■ YOUR TASK
Using the listing below, print the line containing "While at the", the line containing "Daddario Nyxl1059 Encordado", and each line between them, exactly and nothing else. Pictures stay out of the print.

■ DATA UNDER STUDY
Segment Open

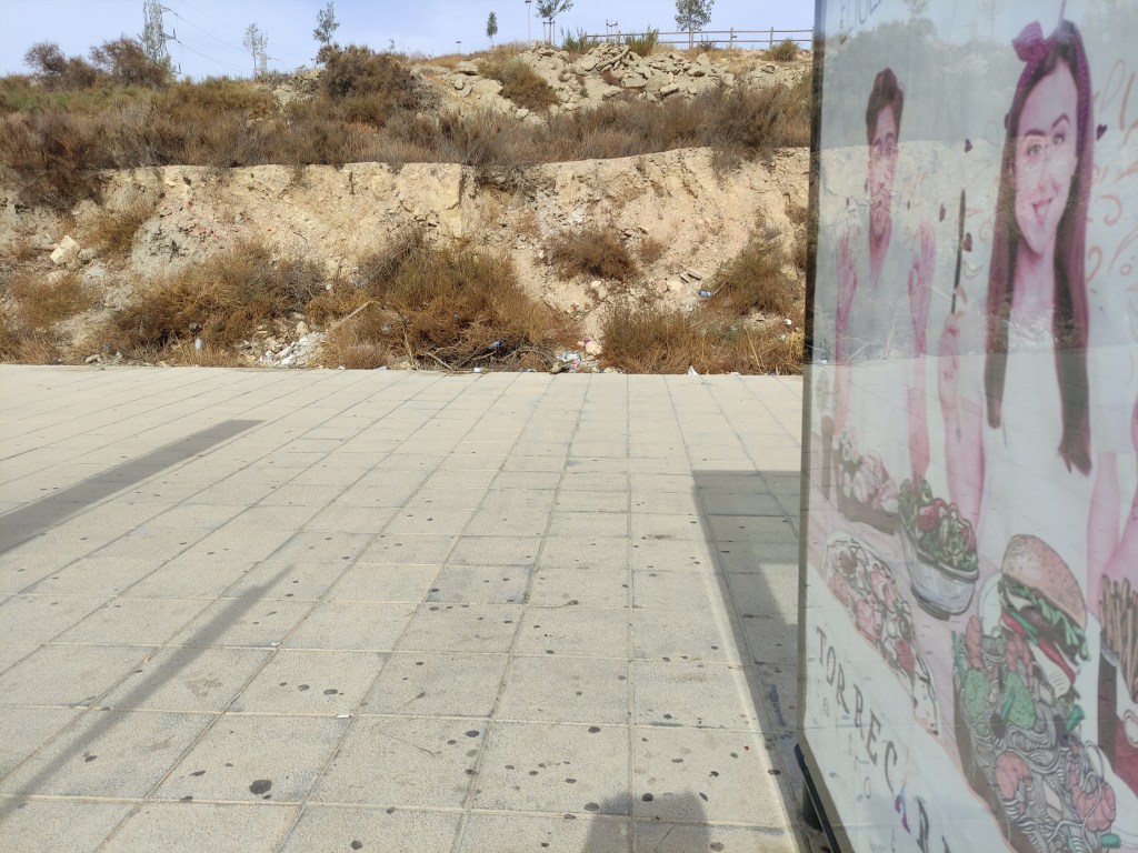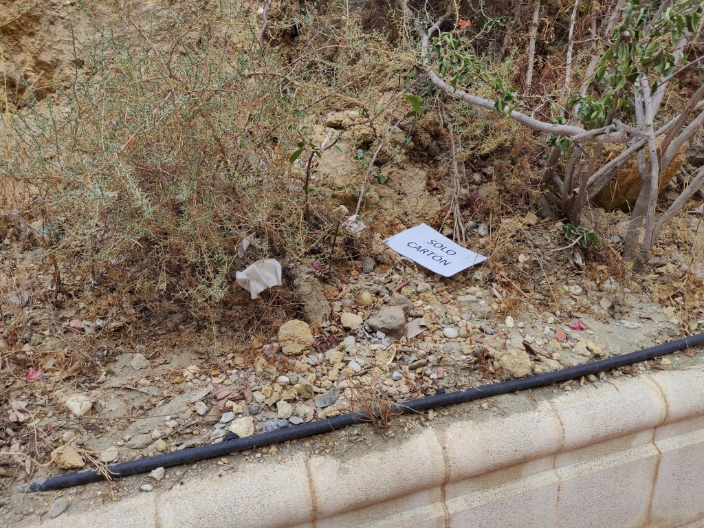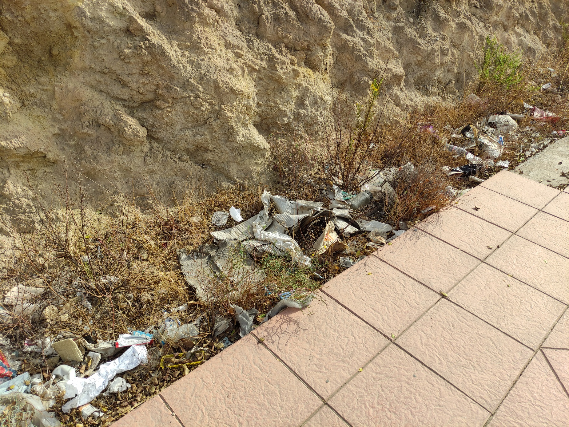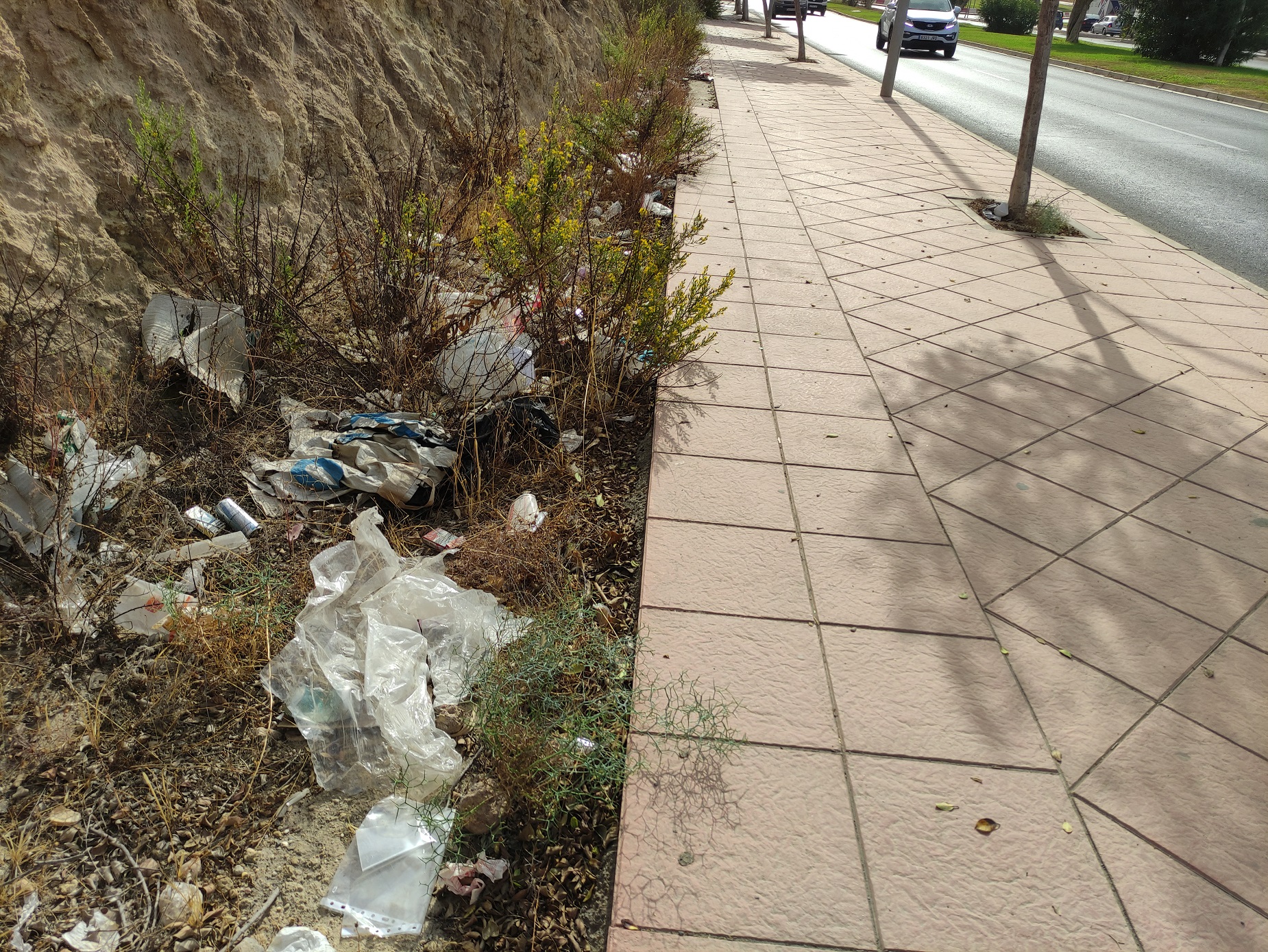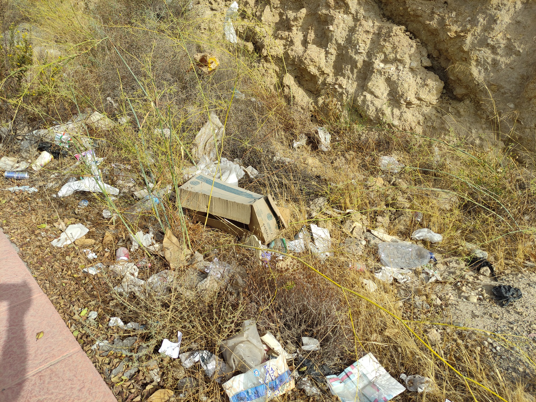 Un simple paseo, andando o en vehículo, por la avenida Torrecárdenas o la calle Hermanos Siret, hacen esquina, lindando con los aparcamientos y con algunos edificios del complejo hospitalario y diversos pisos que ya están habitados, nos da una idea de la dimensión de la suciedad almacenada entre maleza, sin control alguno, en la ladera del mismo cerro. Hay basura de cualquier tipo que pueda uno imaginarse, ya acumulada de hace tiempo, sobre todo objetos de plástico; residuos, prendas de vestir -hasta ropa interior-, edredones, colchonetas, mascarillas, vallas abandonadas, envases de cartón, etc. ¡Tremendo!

Segment Closed
Segment Open

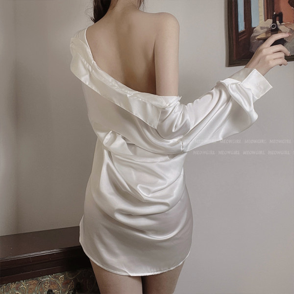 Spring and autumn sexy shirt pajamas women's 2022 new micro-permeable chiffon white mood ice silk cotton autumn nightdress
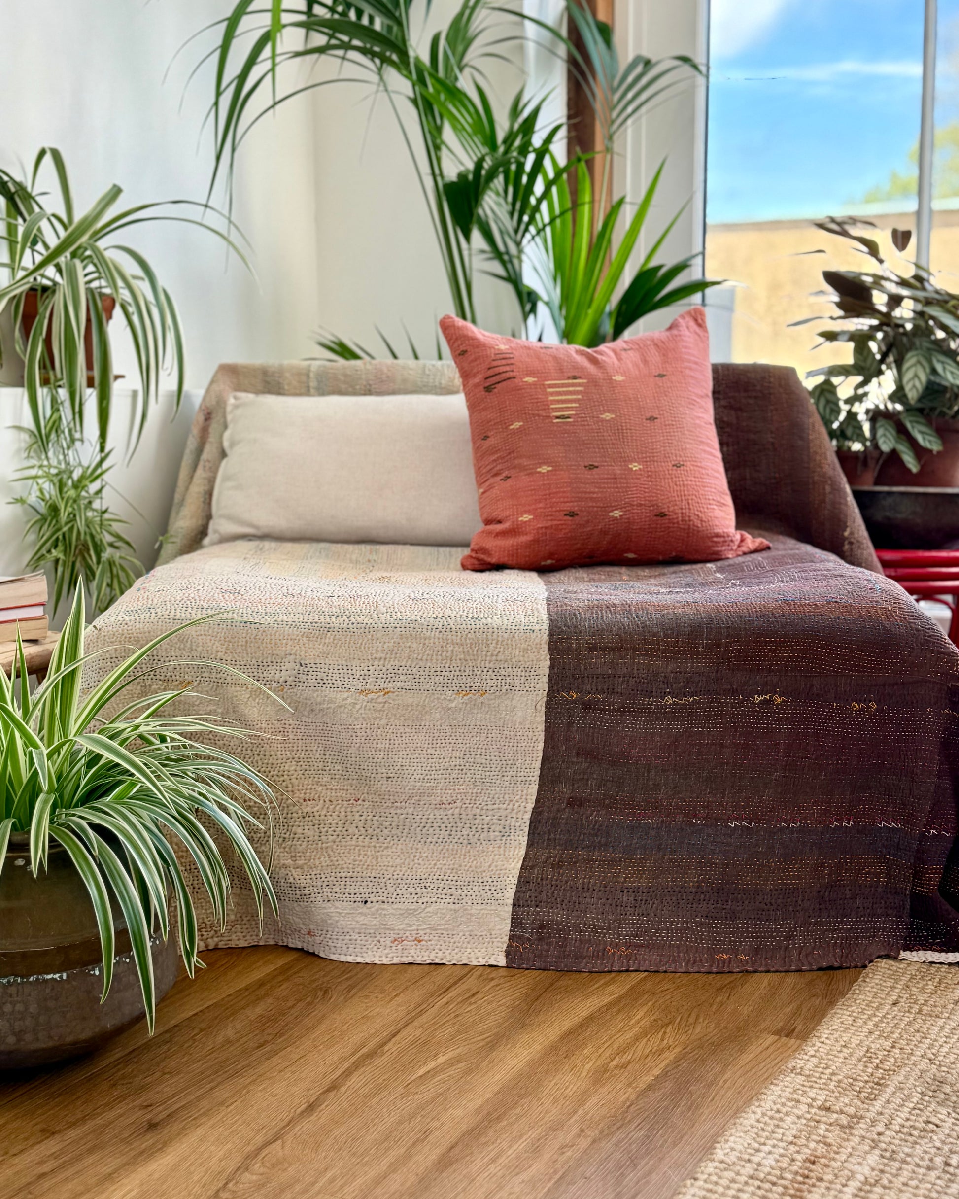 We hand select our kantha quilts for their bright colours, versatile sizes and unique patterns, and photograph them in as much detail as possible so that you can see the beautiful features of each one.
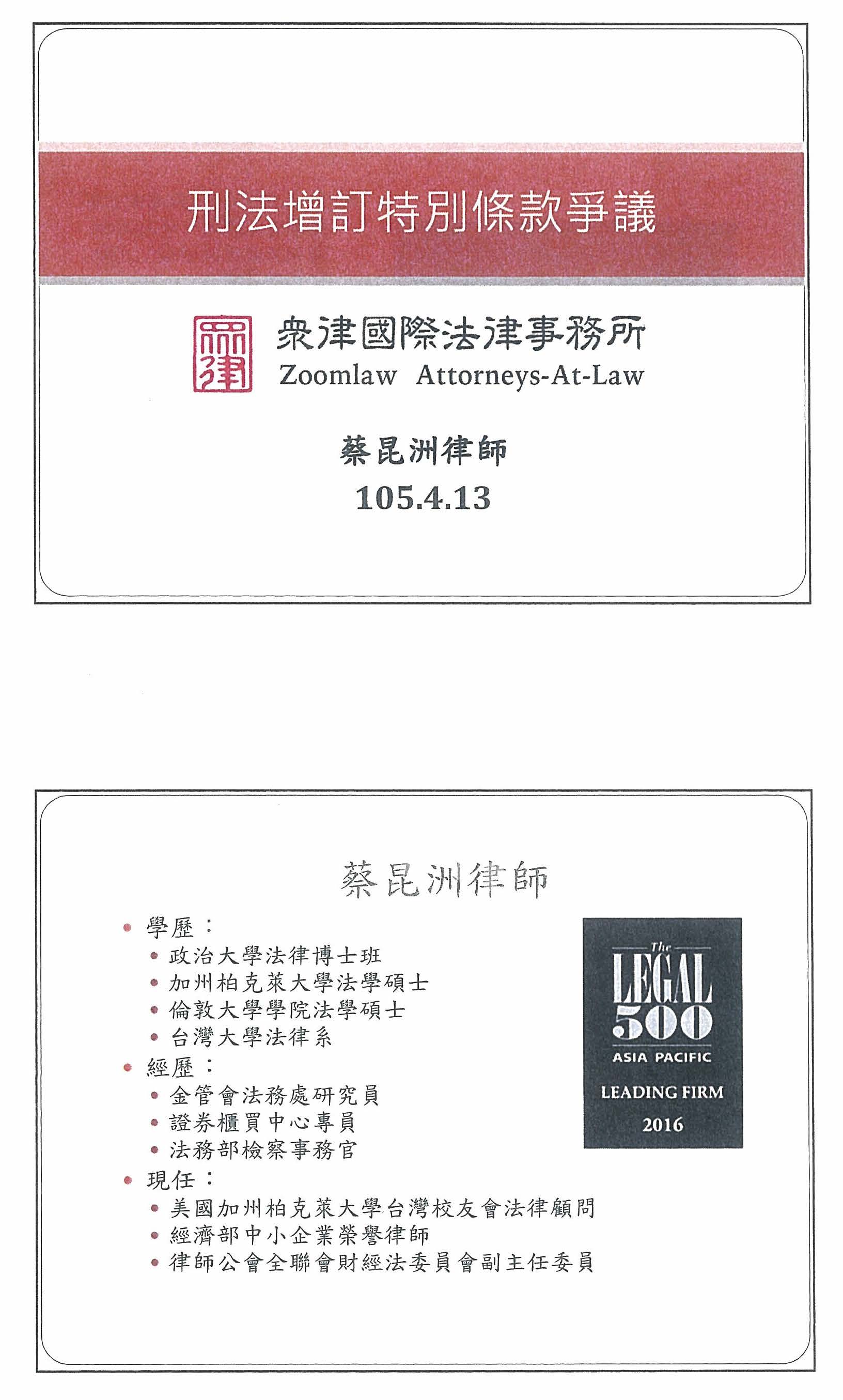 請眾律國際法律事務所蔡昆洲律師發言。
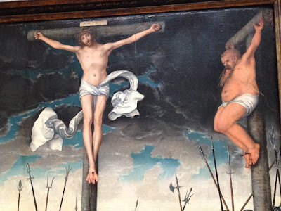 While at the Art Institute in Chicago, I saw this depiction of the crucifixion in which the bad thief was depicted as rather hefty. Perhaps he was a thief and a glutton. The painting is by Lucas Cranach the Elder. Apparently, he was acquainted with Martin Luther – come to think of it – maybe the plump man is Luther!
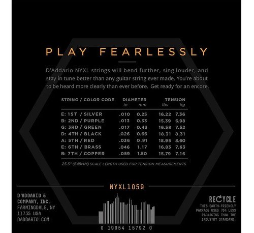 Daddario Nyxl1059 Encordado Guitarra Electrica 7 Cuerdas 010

Segment Closed

■ SOLUTION TO THE EXERCISE
 While at the Art Institute in Chicago, I saw this depiction of the crucifixion in which the bad thief was depicted as rather hefty. Perhaps he was a thief and a glutton. The painting is by Lucas Cranach the Elder. Apparently, he was acquainted with Martin Luther – come to think of it – maybe the plump man is Luther!
 Daddario Nyxl1059 Encordado Guitarra Electrica 7 Cuerdas 010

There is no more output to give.